Наконец ванну взгромоздили. Раздавив двойными колесами банку из-под краски, грузовик отъехал, и лужа, куда отбросило сплющенную жесть, начала окрашиваться, будто кровь вытекала в нее. Сейчас же у края лужи присел малыш в синем, ярком на солнце комбинезоне, в меховых сапожках. Он палкой возил по воде, мать, невнимательно держа его одной рукой за шарф, беззвучно говорила с кем-то на верхнем этаже, подняв лицо. А Николай Иванович смотрел на малыша. Он все же ослабел после операции, сильно ослабел: смотрел, как малыш возит палкой в воде, а глазам горячо становилось.
Отвлекся он, когда по коридору провели к выходу приятеля Федоровского, с которым тот обычно прогуливался по вечерам. Укутанного в два халата, на голове ондатровая шапка, вели его спешно, мелькнуло испуганное лицо в больших очках. Федоровский обождал и взглядом значительным пригласил посмотреть вслед, стеклянные двери на двойных петлях еще махали, успокаиваясь.
— Неважные дела его, как выясняется. В третью клинику возят на обследования, а в чем дело, выяснить не могут. Это плохой знак.
Но тут по лестнице затопало множество ног: пустили родственников. Николай Иванович вышел на площадку встретить Полину, — показать, что вот вышел сам.
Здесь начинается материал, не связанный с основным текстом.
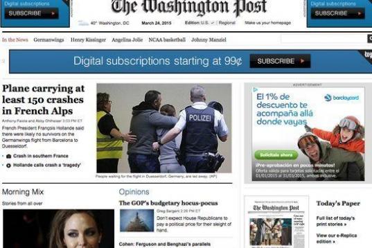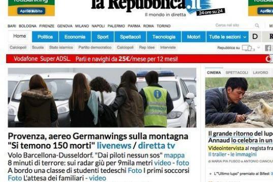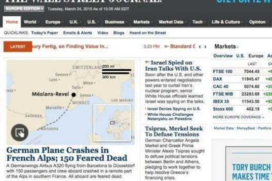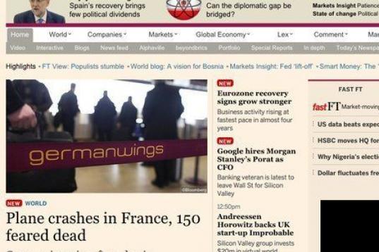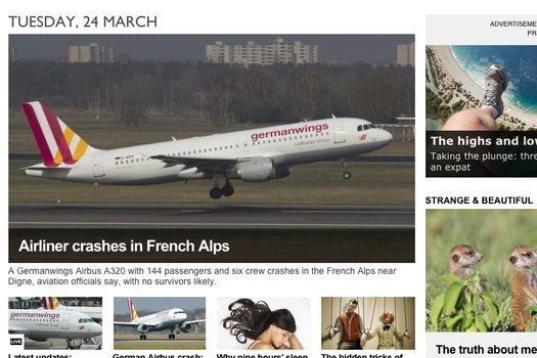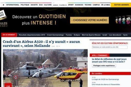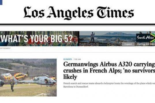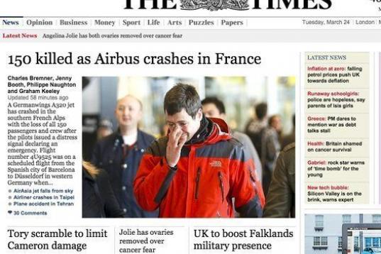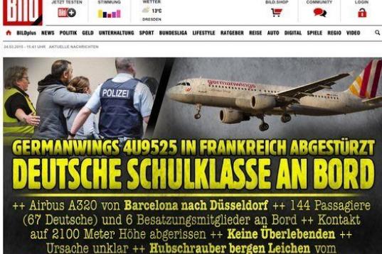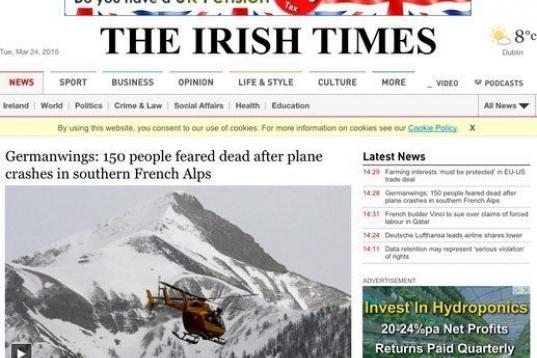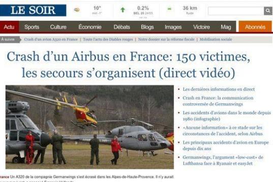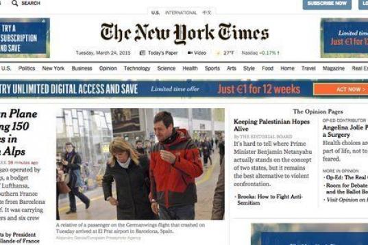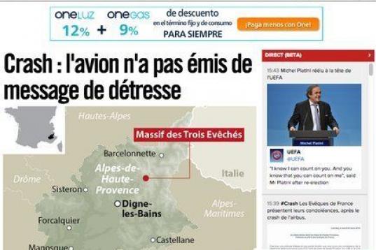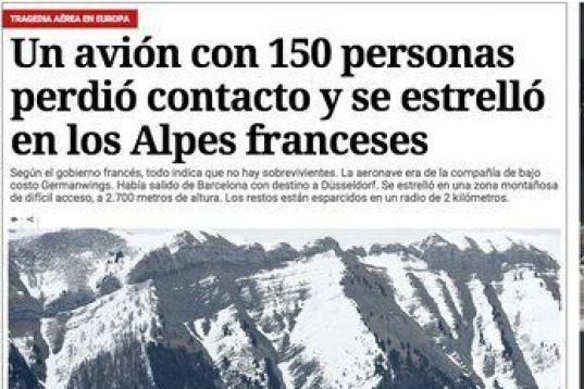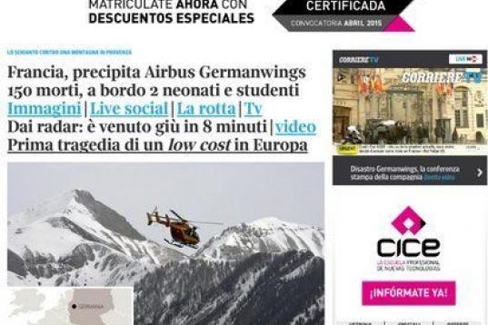 La noticia del accidente de un Airbus A320 de la aerolínea alemana Germanwings, que ha provocado 150 muertos -45 de nacionalidad española-, copa las portadas de los principales medios internacionales.

С кошелками, свертками родственники подымались снизу, выражения лиц радостные, что пустили, а у многих заранее тревога: что там ждет? И среди них увидел Полину раньше, чем она увидала его. Вся наклоненная вперед, чтобы легче подыматься по ступеням, она спешила, немолодая, никому уже, кроме него, не нужная в жизни. И тут она увидала его, лицо дрогнуло испуганно:
— Ты? Зачем же ты вышел?
— Вот заново учусь ходить.
Мимо них проходили родственники больных (кто с надеждой, кто с бедой) и к ним в отделение, и выше по лестнице. И они постеснялись поцеловаться. Он вообще последнее время немного стеснялся ее: он уже настроился на худшее, она с ним вместе пережила это, а получилось — вроде как бы смалодушничал он раньше времени.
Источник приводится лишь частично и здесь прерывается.